Upside Dollar Potential

June 10, 2015

The dollar is in a corrective phase.  From the low in 2014 to this year’s high, the dollar advanced 33.8% against the euro, 26.2% against the Australian dollar, 25.7% relative to the kiwi, 24.9% vis-a-vis the yen, 22.1% on a trade-weighted basis, 21.3% versus the Canadian dollar and 18.0% against sterling.  Varying percentages of these appreciations have now been reversed.  The smallest retracements in this set of bilateral dollar pairs involve the Aussie and New Zealand dollars, 10.5% and 9.3%, respectively.  The largest reversals are sterling (36.4% of the prior climb), the loonie (25.6%), and the euro (23.9%).  Retracements of the trade-weighted dollar and dollar/yen amount to 10.9% and 12.4%.

Dollar-supporting economic fundamentals remain in place.  The United States has comparatively attractive demographic metrics.  Future monetary policy changes favor the dollar, as do economic growth differentials, the Greek debt crisis, and the rebound in world oil prices. 

The dollar rose more extensively in the early 1980s and late 90s to early noughties than it during the past thirteen months.  In the early 1980s, the greenback advanced 87% in trade-weighted terms, 105% against the D-mark and 59% relative to the yen.  In the dot-com/euro launch period, cumulative dollar appreciation amounted to 49% in trade-weighted terms, 71% against the mark-translation value of the euro and 69% vis-a-vis the yen.  These historical comparisons tell us that a resumption of extensive dollar appreciation would not take currency trading into unprecedented waters.

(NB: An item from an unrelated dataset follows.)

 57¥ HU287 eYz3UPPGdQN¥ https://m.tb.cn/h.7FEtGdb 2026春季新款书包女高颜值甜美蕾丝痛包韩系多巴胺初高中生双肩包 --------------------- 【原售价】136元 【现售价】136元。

A different and more serious constraint to a rising dollar is the strain such would put on emerging markets.  EM currencies already have declined sharply.  In the year to early June, the Russian ruble tumbled about 35% and the Brazilian real, Colombian peso and Turkish lira fell more than 20%.  The currencies  Malaysia, South Africa, Chile, and Argentina fell more than 10%.  Runs on emerging market currencies would boost inflation, raise interest rates, and depress growth in many emerging markets.  Federal Reserve officials have indicated they will not completely ignore how their rate-normalizing efforts affect other economies.

Little in foreign exchange forecasting comes close to certainty.  The dollar’s present correction makes intuitive sense.  Corrections within a longer trend are a fact of market life, and this one was encouraged by shifting growth expectations that have narrowed the differential better U.S. prospects and those in other advanced economies.  That said, the framework of fundamentals that powered the dollar’s gains from May 2014 to March/April 2015 seems intact more or less, and historical precedents show that the dollar has nowhere near approached the historically largest advances.